Далмау, взмахнув рукой, перебил ее.
– Нет. Это тут ни при чем, ведь есть много… очень много священников, посвятивших себя преподаванию, благотворительности и здравоохранению. Они работают безвозмездно. Отдают себя избранному делу, как преподобный Жазинт. Надо признать это.
– И отречься от наших пролетарских принципов? – резко прервала его Эмма. – Наши отцы погибли, защищая эти идеалы! Как же классовая борьба?
До самого конца 1901 года Эмма ходила на уроки в приют монахинь Доброго Пастыря. Вставала до рассвета, чтобы успеть к шести утра. Привратница впускала ее и уже не сопровождала. Эмма слышала, как резвятся интернатские, иногда натыкалась на какую-нибудь из девиц или видела их в окнах, когда подходила к зданию, но стоило ей войти, как сестра Инес, всегда пунктуальная, уводила ее в комнату, удаленную от шума и беготни, и продолжала процесс ее обращения в христианство. Никто не усомнился в том, что она – сестра Далмау. У них и не было на то никакой причины.
– Читай, – велела монахиня, поприветствовав ее и вручив катехизис.
– Каков знак христианина? – послушно приступила она. – Святой Крест. Нации, царства и народы имеют знаки, которые их различают. Мы, христиане, – священная нация, царство Иисуса Христа, народ, им приобретенный, и имеем своим отличием знак Святого Креста. Такой преславный девиз с самого начала христианства взяли себе христиане.

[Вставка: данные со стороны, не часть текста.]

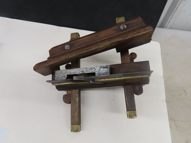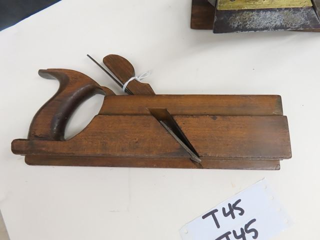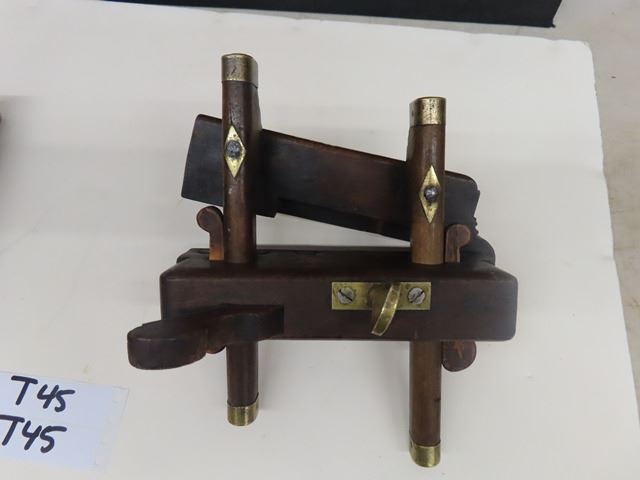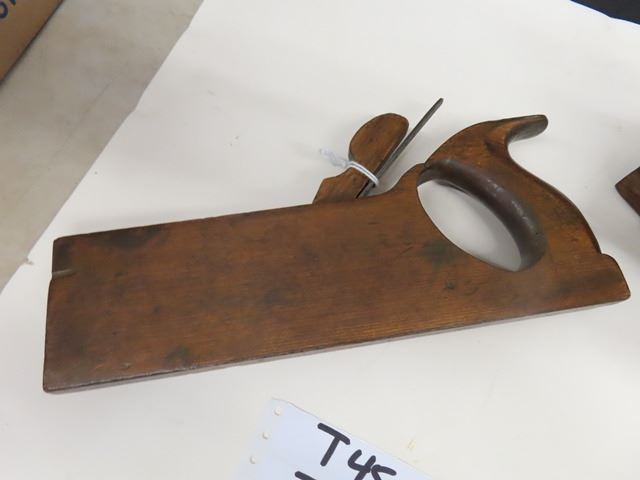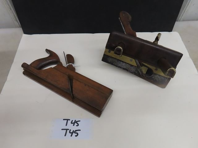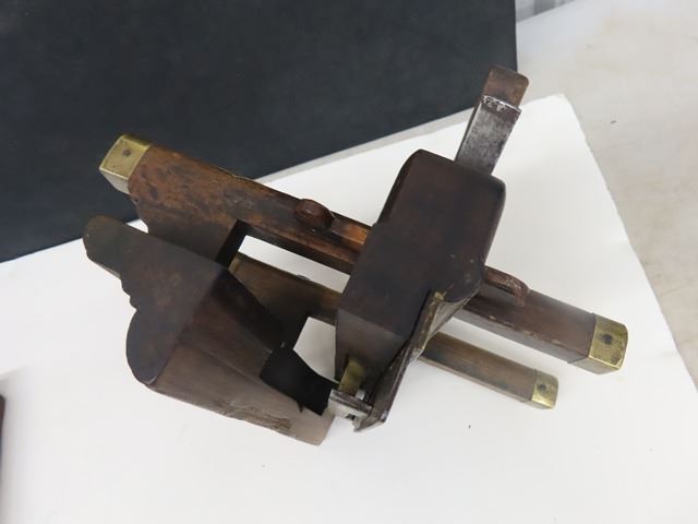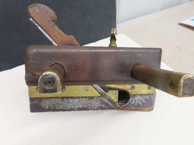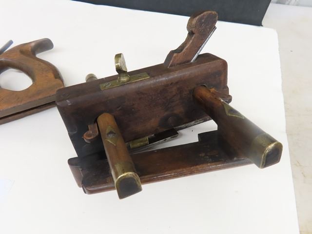 Antique European screw arm plow plane with brass tips, marked W. DIBB, YORK OH. The second plane is a handled tongue and grove plane by Auber Tool Co No. 73
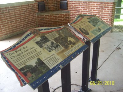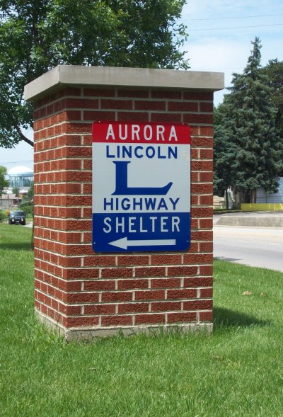 Interpretive signs at a tourist shelter in Aurora, Illinois, typical of many that have been placed across the state. |
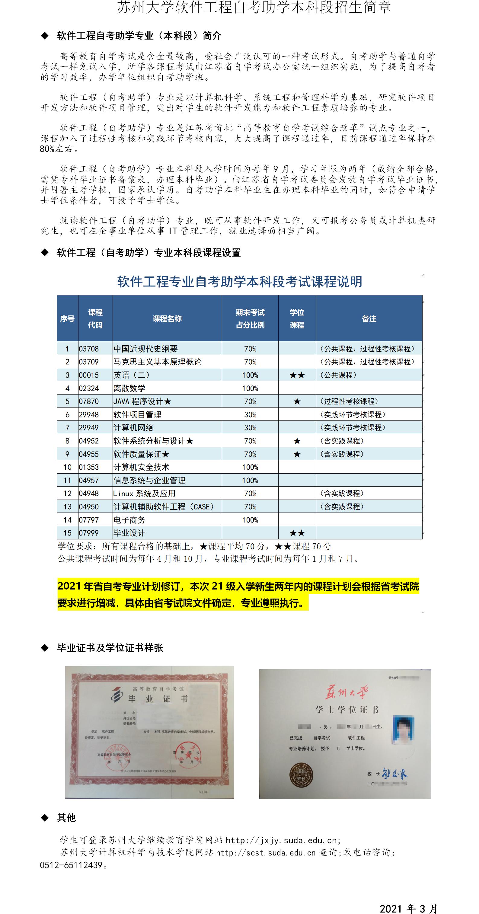 2021年度苏州大学软件工程自考助学本科段招生简章

– Тебе все понятно? – спросила сестра Инес.
Чего тут не понять! Но Эмма ответила смиренным «да».
– Повторяй.
«Повторяй, повторяй, повторяй. Тебе все понятно? Читай дальше».
– Почему? Потому, что сей есть образ Христа распятого, на нем искупившего нас. Если бы народ христианский руководствовался мудростью человеческой, не выбрал бы он отличием Иисуса Христа, распятого на Голгофе, но Иисуса Христа во славе на горе Табор; но народу сему, рожденному у подножия креста, должно питаться плодами его, вот и избрал он, ведомый божественной мудростью, тот самый крест, который, изображая Иисуса Христа, прибитого к нему, вечно возглашает великую любовь Бога, умирающего во спасение людей.
– Повторяй.
– Повторяй, повторяй, повторяй! Я только это и делаю все время!
Эмма заметила, что жених, пусть и сочувствуя ей, нахмурился. От нее не ускользнуло, что с тех пор, как она начала жаловаться, Далмау избегал разговоров о пиаристах. Не превозносил их, как раньше, за то, что они посвящают себя образованию бедняков, но и не критиковал, как Эмма – монахинь Доброго Пастыря.
Очередной день, очередной сеанс:
– Что такое крестное знамение? Сложить указательный и средний пальцы правой руки и коснуться лба, груди, левого плеча, а потом правого, призывая Святую Троицу. Во имя Отца, и Сына, и Духа Святого. Аминь. Означив это, трижды перекрестив три части нашего тела, в которых душа осуществляет главные свои действия, и вооружившись для защиты от мира, от демона и от плоти, мы творим большое крестное знамение, все прочие обнимающее; и тем самым вооружаемся окончательно ради битвы за наше спасение под защитой Святой Троицы, во имя которой мы и творим крестное знамение.
– Повторяй.
– И так целый час, Хосефа. Целый час повторять, учить наизусть катехизис.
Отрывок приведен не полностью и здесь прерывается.